▸ **ASSIGNMENT**
From the line containing "Сарафан женский А-силуэта" down to the last line of the listing, quote everything word for word, and nothing else, keeping pictures out.

▸ **RECORDS TO PROCESS**
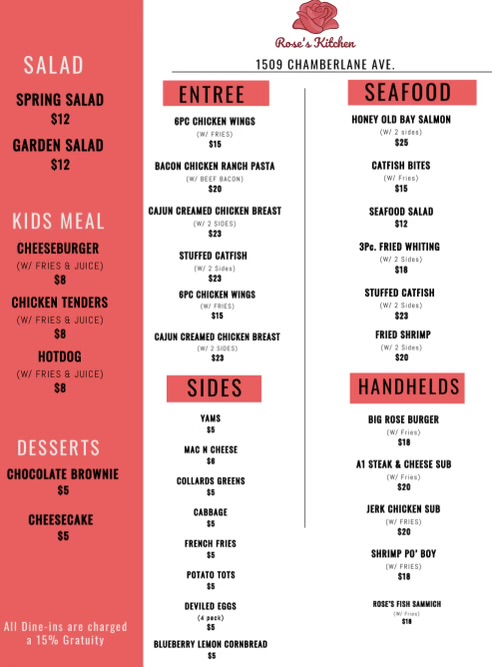 Looking for a comforting meal that feels like home? Rose's Kitchen Menu is the perfect place to satisfy your cravings. Located at 1509 Chamberlayne Ave in Richmond, VA, this cozy spot offers a variety of dishes that are sure to hit the spot, whether you're in the mood for something hearty or light. From savory southern classics to modern twists on old favorites, there's something for everyone. Each dish is prepared with fresh ingredients and a whole lot of love, making every bite an experience. Whether you're stopping by for a quick bite or settling in for a full meal, Rose's Kitchen is here to make you feel right at home. The menu is full of options that cater to all kinds of tastes and preferences, so you'll always find something that feels just right.
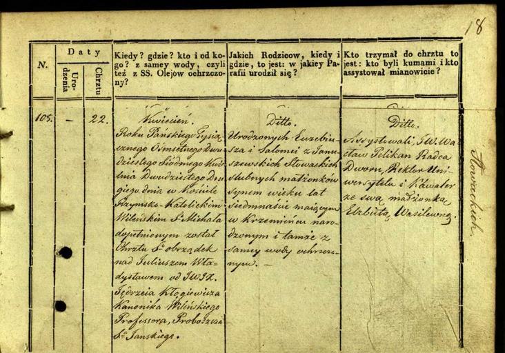 | Keywords: Juliusz Słowacki birth certificate.jpg en Juliusz Słowacki birth certificate pl Akt chrztu Juliusza Słowackiego W Wilnie jedynie dopełniono obrządek chrztu Juliusza urodzonego w Krzemieńcu z Euzebiusza i Salomei z Januszewskich Na stronie internetowej litewskiego archiwum odnalazła pani Monika Janczewska parafia św Jana w Wilnie akt chrztu nr 105/1827 http //www epaveldas lt/vbspi//content/biImage jsp biRecordId 3908 imageId 2Fvbspi 2FshowImage do 3Fid 3DPG_S_30554_37 parafia św Jana w Wilnie 1827 PD-old Juliusz Słowacki Birth certificates of Poland |
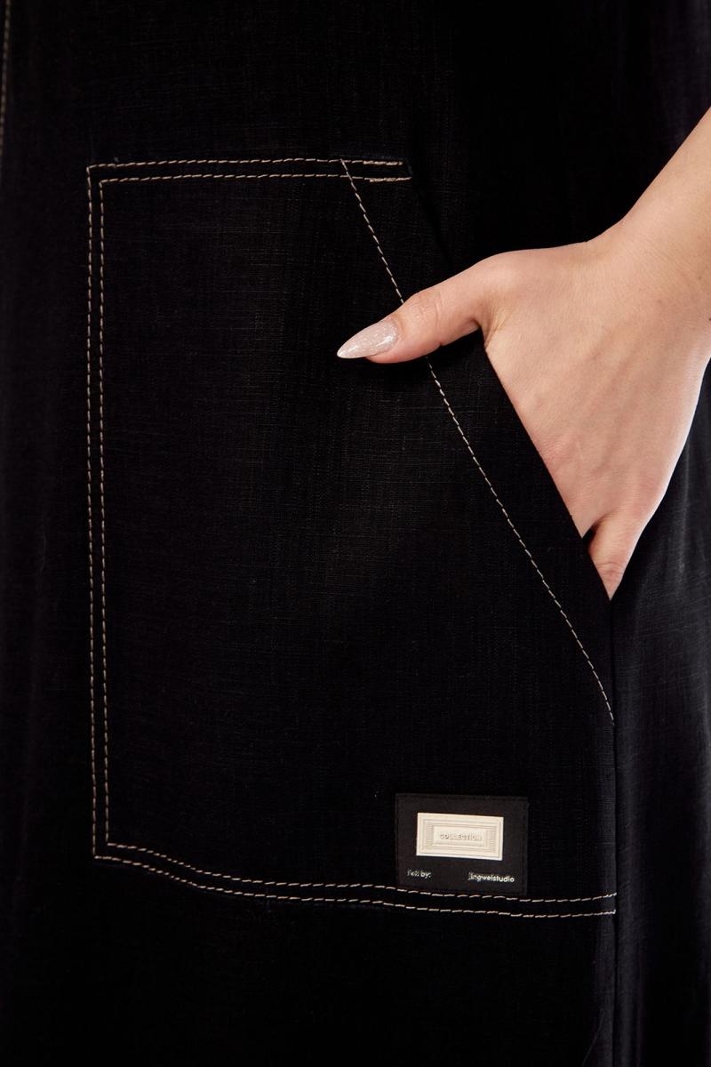 Сарафан женский А-силуэта из натуральной ткани. Горловина V-образной формы. По переду средний шов, нагрудные вытачки и обработаны накладные карманы. По низу разрез. Спинка со средним швом. Декором служат отделочные строчки, декоративная нашивка на кармане. Обращаем Ваше внимание, что цвет на экране может отличаться от реального. Длина сарафана по спинке — 128 см. р.52 — ПОГ 54,5 см ПОБ 62 см, р.54 — ПОГ 56,5 см ПОБ 64 см, р.56 — ПОГ 58,5 см ПОБ 66 см.
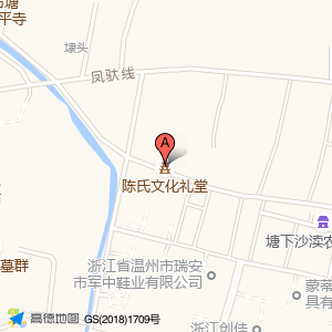 陈氏文化礼堂位于高横路288号(瑞安市军航科技有限公司)公司南方向182.33米的位置。
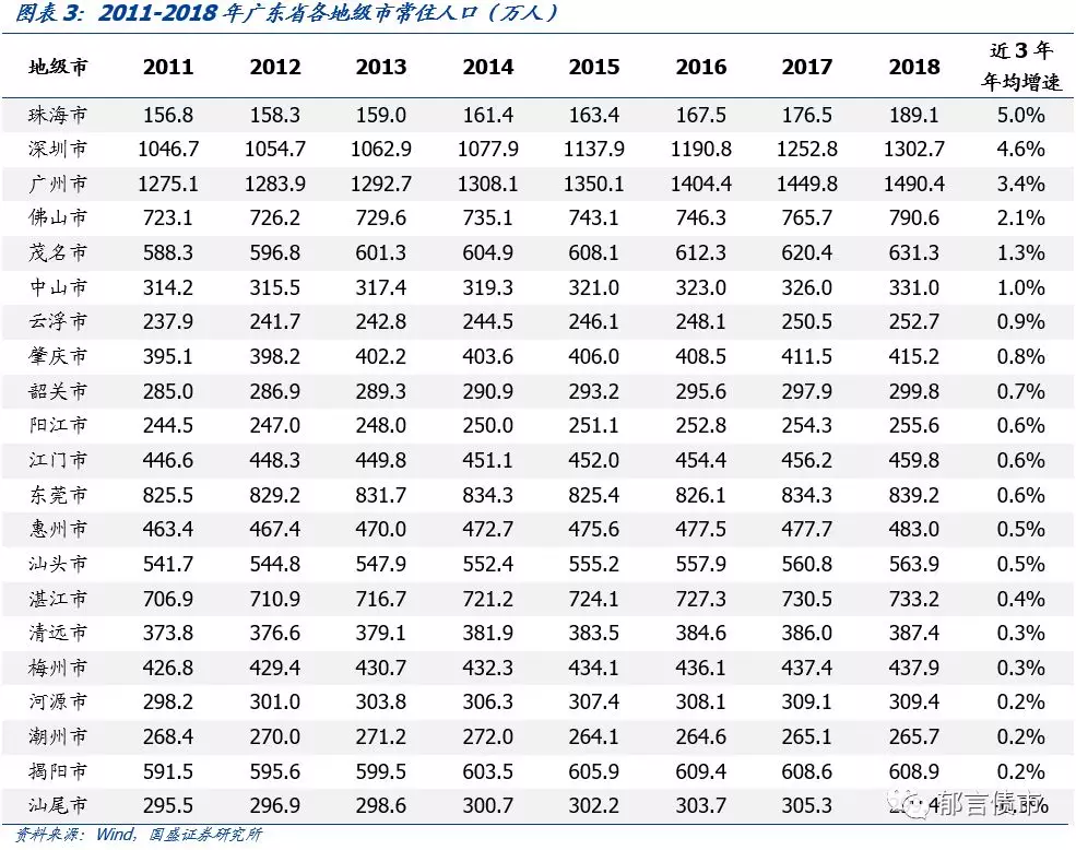 作为珠江口西岸的核心城市,珠海市生态环境良好,地理位置优越,是我国7个经济特区之一,拥有我国第三个国家级新区——横琴新区。随着珠海市加大人才引进力度、放宽落户政策,2018年珠海市常住人口增量首次突破10万人,近3年常住人口年均增速高达5.0%,位居省内第一。深圳市和广州市为一线城市,经济实力雄厚,创新创业环境较好,对人口保持了较强的吸引力,近3年常住人口年均增速分别为4.6%和3.4%。而汕尾市远离广东经济发展核心区域,经济体量较小,发展机会及薪资水平相对于省内部分大城市较少,常住人口近年来首次出现下滑,近3年年均增速为-0.3%。其余各地级市人口均有不同程度增长。

▸ **SOLUTION TO THE PROBLEM**
 Сарафан женский А-силуэта из натуральной ткани. Горловина V-образной формы. По переду средний шов, нагрудные вытачки и обработаны накладные карманы. По низу разрез. Спинка со средним швом. Декором служат отделочные строчки, декоративная нашивка на кармане. Обращаем Ваше внимание, что цвет на экране может отличаться от реального. Длина сарафана по спинке — 128 см. р.52 — ПОГ 54,5 см ПОБ 62 см, р.54 — ПОГ 56,5 см ПОБ 64 см, р.56 — ПОГ 58,5 см ПОБ 66 см.
 陈氏文化礼堂位于高横路288号(瑞安市军航科技有限公司)公司南方向182.33米的位置。
 作为珠江口西岸的核心城市,珠海市生态环境良好,地理位置优越,是我国7个经济特区之一,拥有我国第三个国家级新区——横琴新区。随着珠海市加大人才引进力度、放宽落户政策,2018年珠海市常住人口增量首次突破10万人,近3年常住人口年均增速高达5.0%,位居省内第一。深圳市和广州市为一线城市,经济实力雄厚,创新创业环境较好,对人口保持了较强的吸引力,近3年常住人口年均增速分别为4.6%和3.4%。而汕尾市远离广东经济发展核心区域,经济体量较小,发展机会及薪资水平相对于省内部分大城市较少,常住人口近年来首次出现下滑,近3年年均增速为-0.3%。其余各地级市人口均有不同程度增长。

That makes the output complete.